* **Source data**:
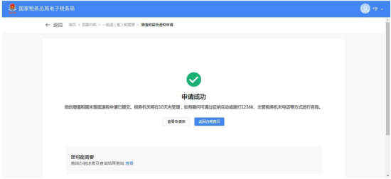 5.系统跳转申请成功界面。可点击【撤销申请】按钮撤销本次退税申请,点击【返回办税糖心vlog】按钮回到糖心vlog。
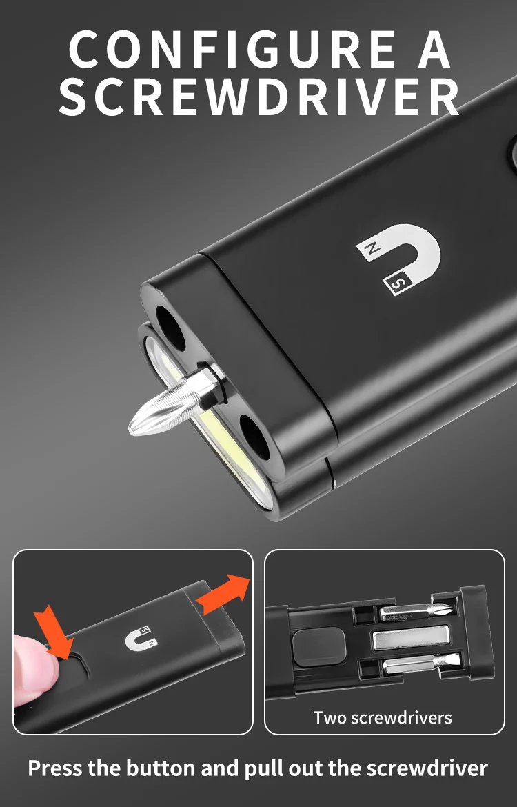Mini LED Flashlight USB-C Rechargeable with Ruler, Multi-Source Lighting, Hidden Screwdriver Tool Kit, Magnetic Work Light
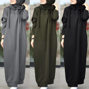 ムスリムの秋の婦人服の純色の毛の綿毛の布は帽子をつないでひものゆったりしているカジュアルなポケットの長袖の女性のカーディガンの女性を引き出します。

* **The task**: Repeat all of the material above exactly, leaving out pictures.

* **Result**:
 5.系统跳转申请成功界面。可点击【撤销申请】按钮撤销本次退税申请,点击【返回办税糖心vlog】按钮回到糖心vlog。
Mini LED Flashlight USB-C Rechargeable with Ruler, Multi-Source Lighting, Hidden Screwdriver Tool Kit, Magnetic Work Light
 ムスリムの秋の婦人服の純色の毛の綿毛の布は帽子をつないでひものゆったりしているカジュアルなポケットの長袖の女性のカーディガンの女性を引き出します。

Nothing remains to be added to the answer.